All learning, especially new learning, should be embedded in well-chosen contexts for learning
– that is, contexts that are broad enough to allow students to investigate initial understandings,
identify and develop relevant supporting skills, and gain experience with varied and interesting
applications of the new knowledge. Such rich contexts for learning open the door for students
to see the “big ideas”, or key principles, of mathematics, such as pattern or relationship. This
understanding of key principles will enable and encourage students to use mathematical reasoning
throughout their lives.
Effective instructional approaches and learning activities draw on students’ prior knowledge,
capture their interest, and encourage meaningful practice both inside and outside the classroom.

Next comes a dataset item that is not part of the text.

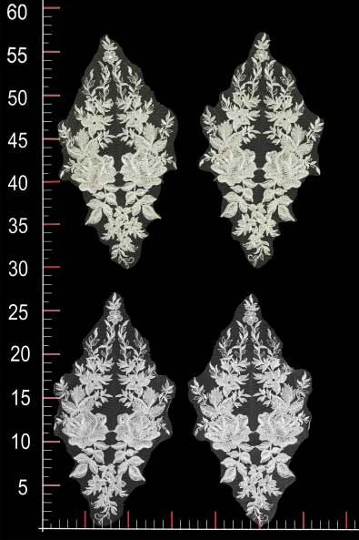 Aplikacja zdobiona, stworzona z eleganckiej koronki oraz niepowtarzalnych, rozświetlających naszywkę dodatków. Cały design produktu pozwala wykorzystać go jako wyjątkowy element dekoracyjny sukni wieczorowej, koktajlowej lub ślubnej.

Students’ interest will be engaged when they are able to see the connections between
the mathematical concepts they are learning and their application in the world around them
and in real-life situations.
Students will investigate mathematical concepts using a variety of tools and strategies, both
manual and technological. Manipulatives are necessary tools for supporting the effective learning
of mathematics by all students. These concrete learning tools invite students to explore and
represent abstract mathematical ideas in varied, concrete, tactile, and visually rich ways. Moreover,
using a variety of manipulatives helps deepen and extend students’ understanding of mathematical
concepts. For example, students who have used only base ten materials to represent
two-digit numbers may not have as strong a conceptual understanding of place value as students
who have also bundled craft sticks into tens and hundreds and used an abacus.

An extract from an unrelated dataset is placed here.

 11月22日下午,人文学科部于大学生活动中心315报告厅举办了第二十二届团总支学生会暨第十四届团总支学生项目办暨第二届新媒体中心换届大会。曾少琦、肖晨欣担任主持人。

Manipulatives are also a valuable aid to teachers. By analysing students’ concrete representations
of mathematical concepts and listening carefully to their reasoning, teachers can gain
useful insights into students’ thinking and provide supports to help enhance their thinking.4
Fostering students’ communication skills is an important part of the teacher’s role in the mathematics
classroom. Through skilfully led classroom discussions, students build understanding
and consolidate their learning. Discussions provide students with the opportunity to ask questions,
make conjectures, share and clarify ideas, suggest and compare strategies, and explain
their reasoning. As they discuss ideas with their peers, students learn to discriminate between
effective and ineffective strategies for problem solving.
Students’ understanding is revealed through both oral communication and writing, but it is
not necessary for all mathematics learning to involve a written communication component.

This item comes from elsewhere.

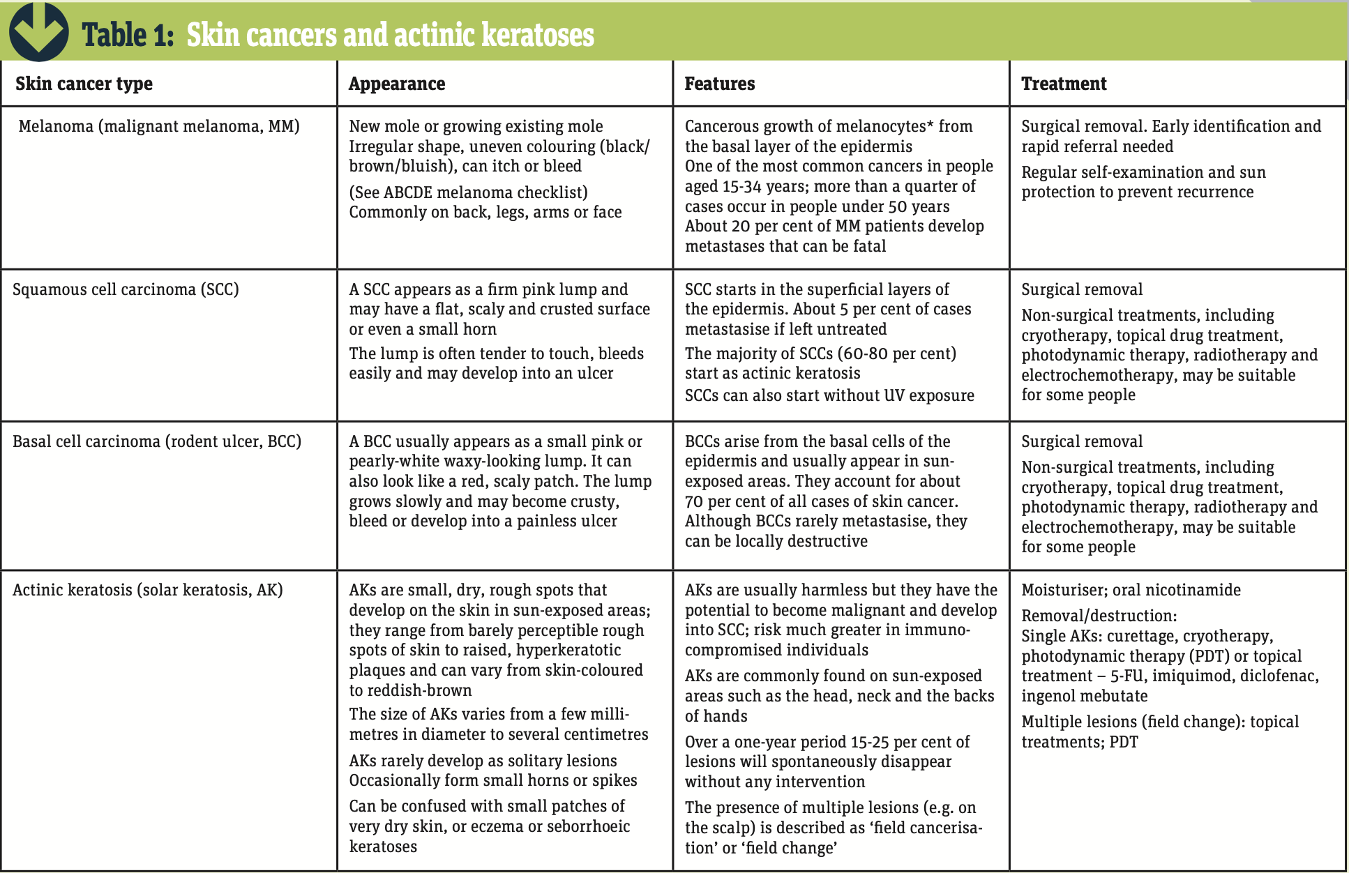 *Non-cancerous growth of melanocytes causes melanocytic naevi (moles and freckles)

Young students need opportunities to focus on their oral communication without the additional
responsibility of writing.
Whether students are talking or writing about their mathematical learning, teachers can prompt
them to explain their thinking and the mathematical reasoning behind a solution or the use of
a particular strategy by asking the question “How do you know?”. And because mathematical
reasoning must be the primary focus of students’ communication, it is important for teachers
to select instructional strategies that elicit mathematical reasoning from their students.